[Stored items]
○ ○ ○

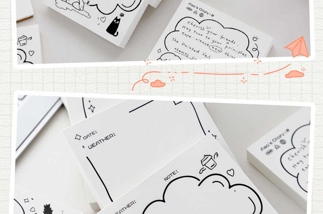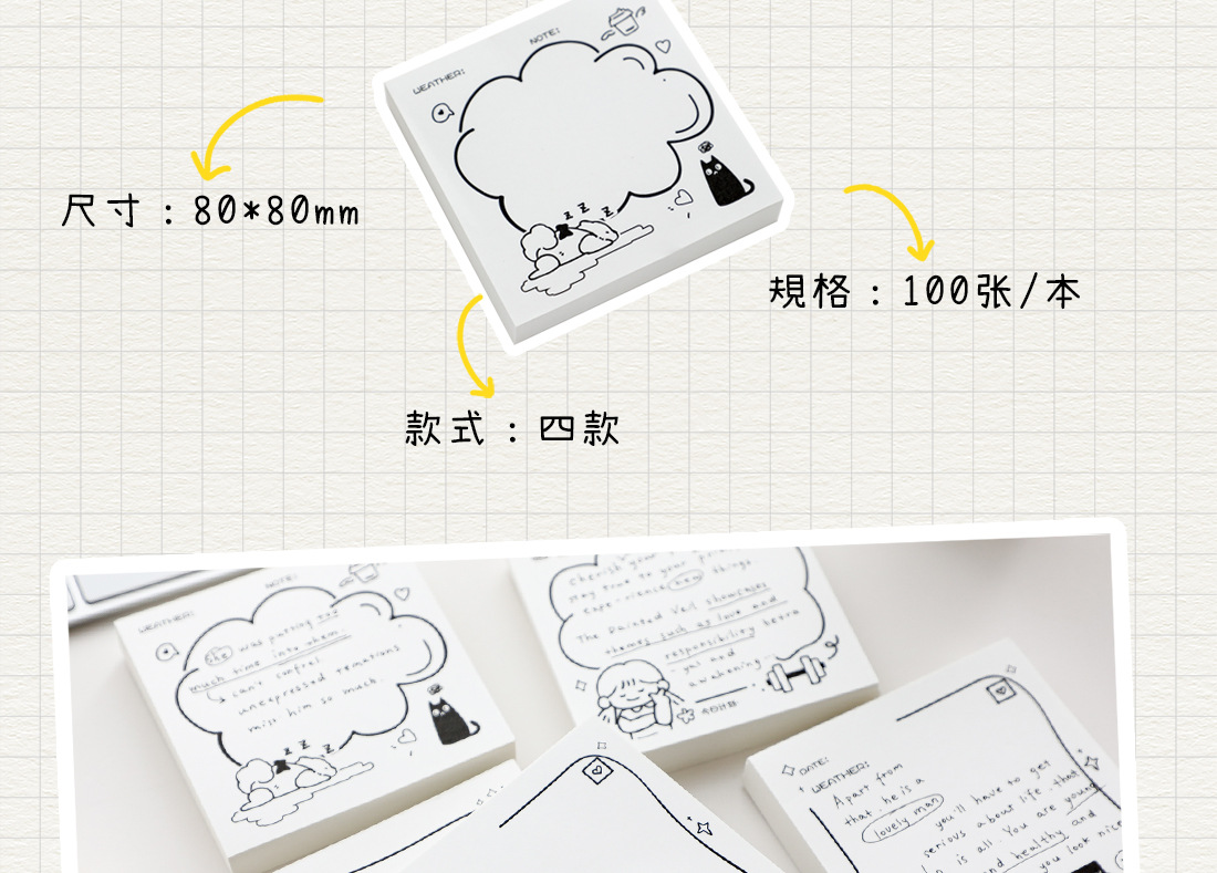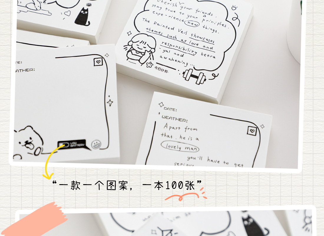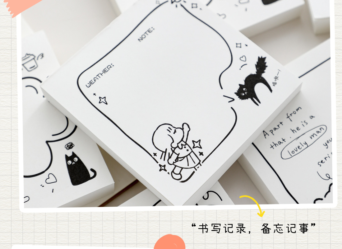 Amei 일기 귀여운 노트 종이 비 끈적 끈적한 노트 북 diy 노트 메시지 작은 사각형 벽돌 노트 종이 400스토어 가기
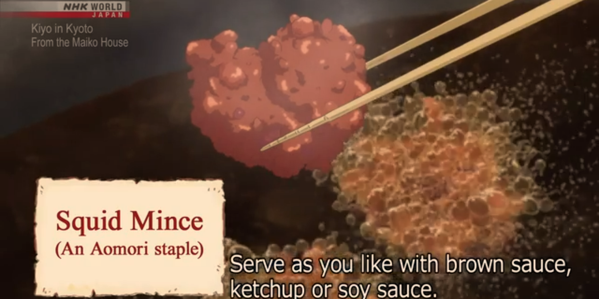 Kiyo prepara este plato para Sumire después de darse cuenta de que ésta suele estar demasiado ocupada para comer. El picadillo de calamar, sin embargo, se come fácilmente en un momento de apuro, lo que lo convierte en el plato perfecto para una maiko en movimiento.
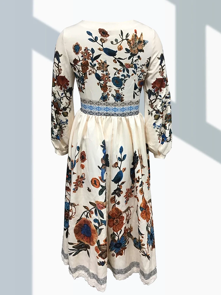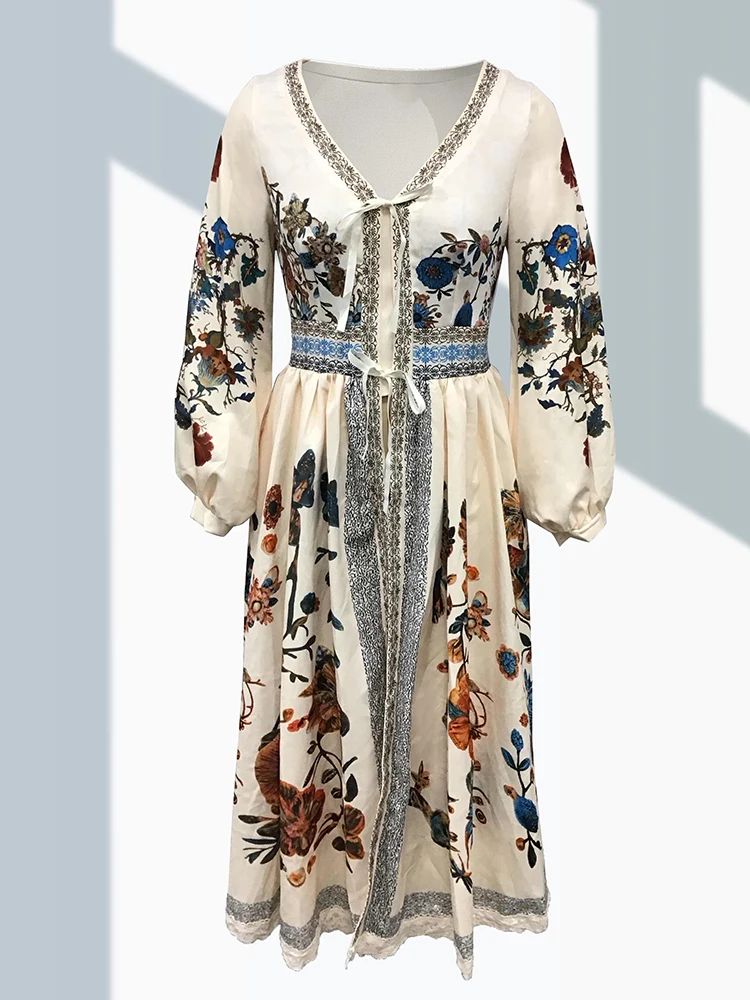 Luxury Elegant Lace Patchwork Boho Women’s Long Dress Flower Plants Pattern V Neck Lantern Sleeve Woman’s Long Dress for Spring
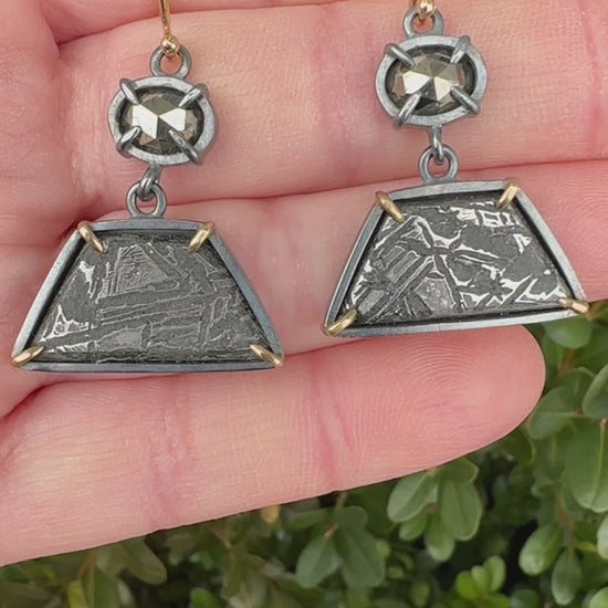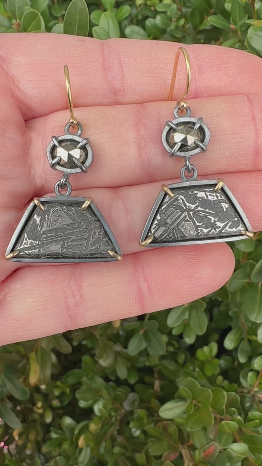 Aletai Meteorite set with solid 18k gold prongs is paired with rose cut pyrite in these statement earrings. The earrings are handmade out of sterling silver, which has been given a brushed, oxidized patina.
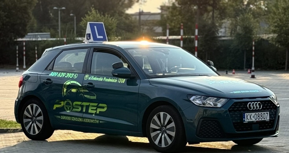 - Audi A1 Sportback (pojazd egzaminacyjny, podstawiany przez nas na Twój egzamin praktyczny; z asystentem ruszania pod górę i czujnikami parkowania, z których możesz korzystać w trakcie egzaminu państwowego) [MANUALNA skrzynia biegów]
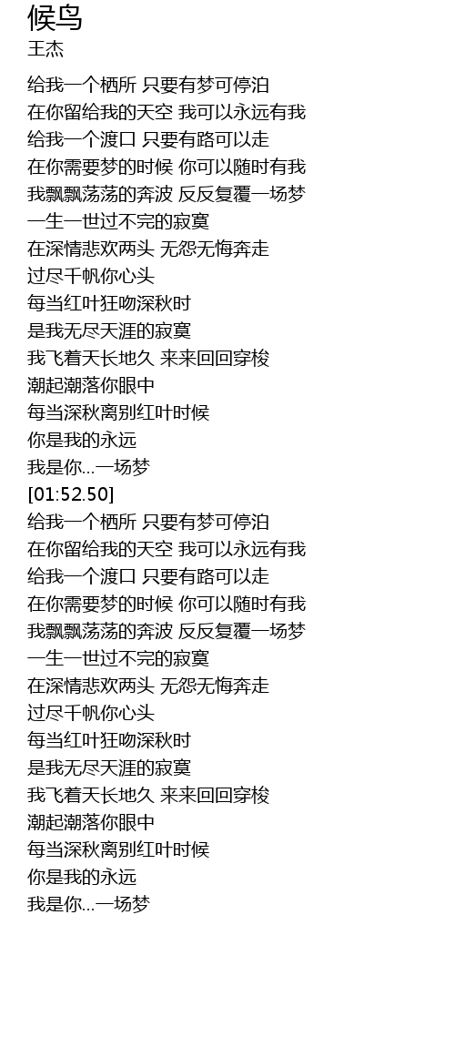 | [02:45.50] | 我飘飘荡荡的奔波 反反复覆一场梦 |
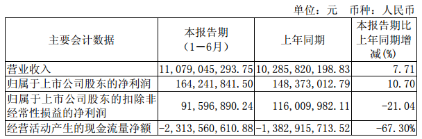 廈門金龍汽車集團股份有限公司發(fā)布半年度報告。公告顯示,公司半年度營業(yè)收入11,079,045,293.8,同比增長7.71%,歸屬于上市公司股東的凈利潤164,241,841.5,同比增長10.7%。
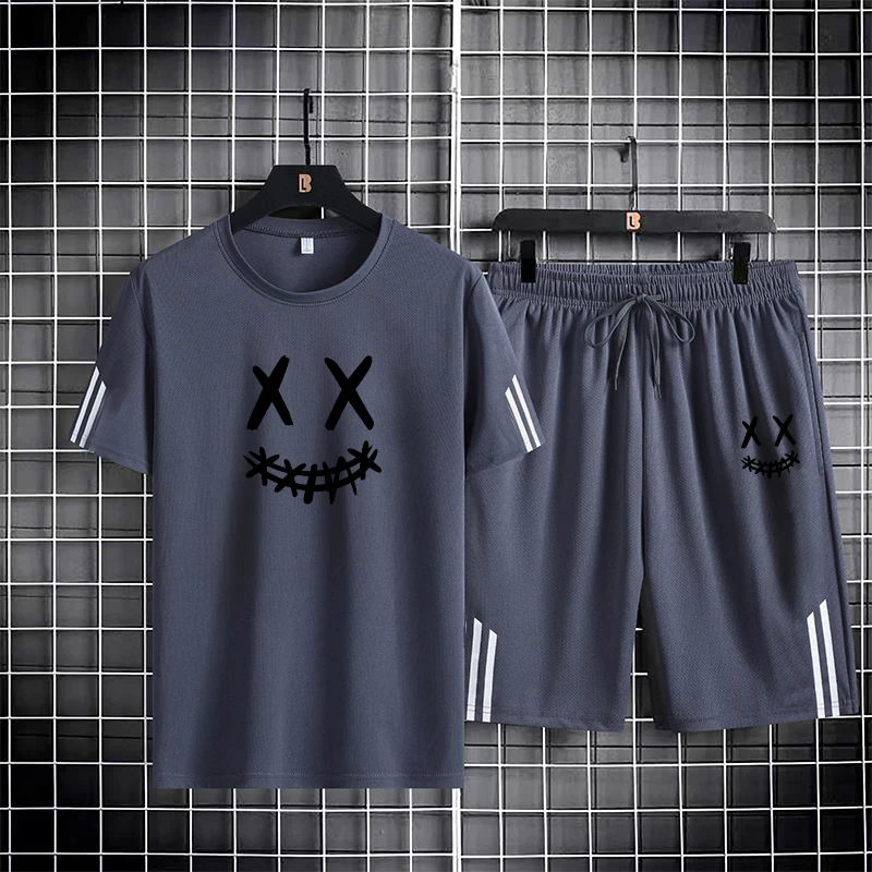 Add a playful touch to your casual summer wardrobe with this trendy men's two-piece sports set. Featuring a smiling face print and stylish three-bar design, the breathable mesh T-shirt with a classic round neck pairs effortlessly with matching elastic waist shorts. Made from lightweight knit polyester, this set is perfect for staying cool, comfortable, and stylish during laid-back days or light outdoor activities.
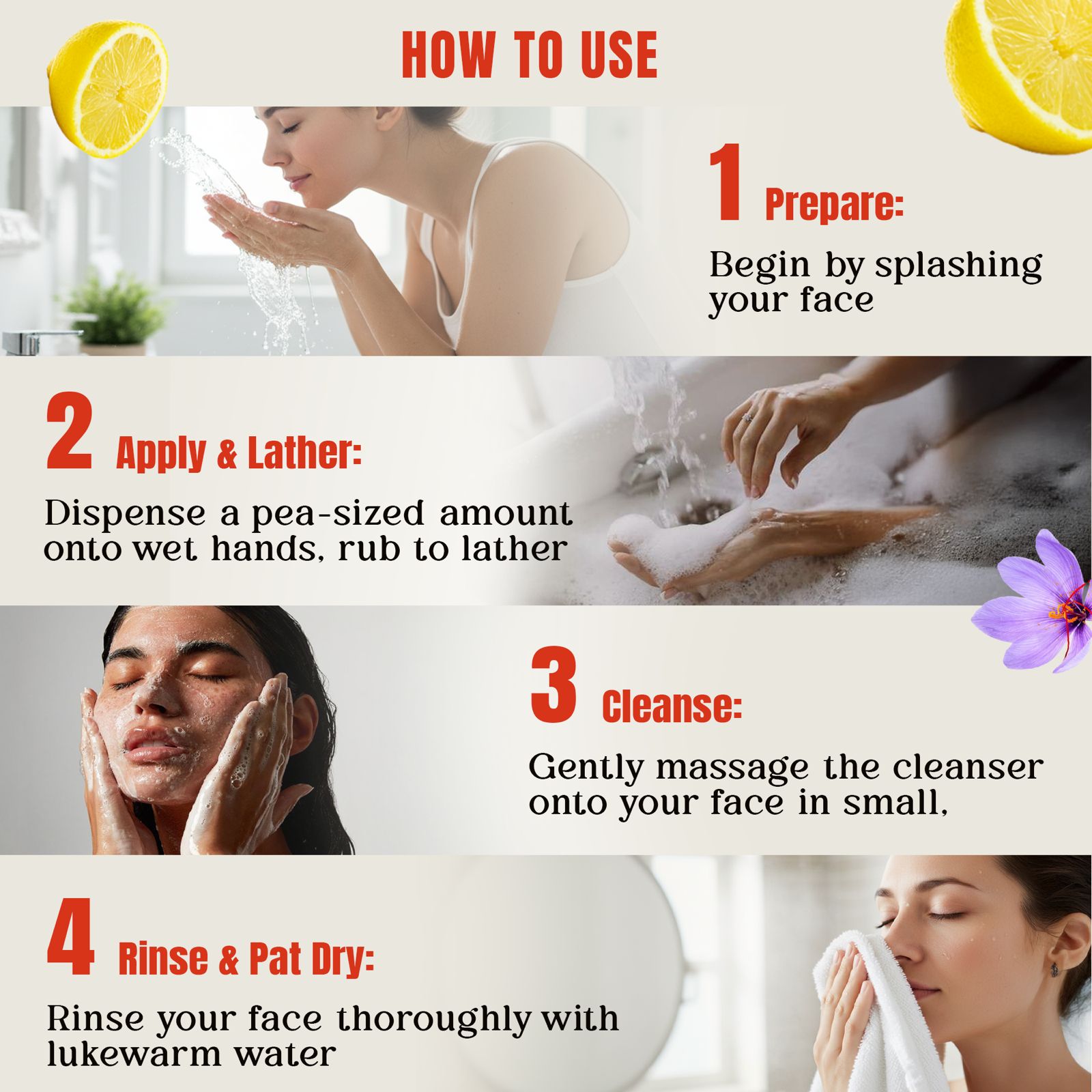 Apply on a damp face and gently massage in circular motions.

○ ○ ○

# Problem statement:
Exactly what appears in the records above must be returned, apart from the pictures.

# Task output:
 Amei 일기 귀여운 노트 종이 비 끈적 끈적한 노트 북 diy 노트 메시지 작은 사각형 벽돌 노트 종이 400스토어 가기
 Kiyo prepara este plato para Sumire después de darse cuenta de que ésta suele estar demasiado ocupada para comer. El picadillo de calamar, sin embargo, se come fácilmente en un momento de apuro, lo que lo convierte en el plato perfecto para una maiko en movimiento.
 Luxury Elegant Lace Patchwork Boho Women’s Long Dress Flower Plants Pattern V Neck Lantern Sleeve Woman’s Long Dress for Spring
 Aletai Meteorite set with solid 18k gold prongs is paired with rose cut pyrite in these statement earrings. The earrings are handmade out of sterling silver, which has been given a brushed, oxidized patina.
 - Audi A1 Sportback (pojazd egzaminacyjny, podstawiany przez nas na Twój egzamin praktyczny; z asystentem ruszania pod górę i czujnikami parkowania, z których możesz korzystać w trakcie egzaminu państwowego) [MANUALNA skrzynia biegów]
 | [02:45.50] | 我飘飘荡荡的奔波 反反复覆一场梦 |
 廈門金龍汽車集團股份有限公司發(fā)布半年度報告。公告顯示,公司半年度營業(yè)收入11,079,045,293.8,同比增長7.71%,歸屬于上市公司股東的凈利潤164,241,841.5,同比增長10.7%。
 Add a playful touch to your casual summer wardrobe with this trendy men's two-piece sports set. Featuring a smiling face print and stylish three-bar design, the breathable mesh T-shirt with a classic round neck pairs effortlessly with matching elastic waist shorts. Made from lightweight knit polyester, this set is perfect for staying cool, comfortable, and stylish during laid-back days or light outdoor activities.
 Apply on a damp face and gently massage in circular motions.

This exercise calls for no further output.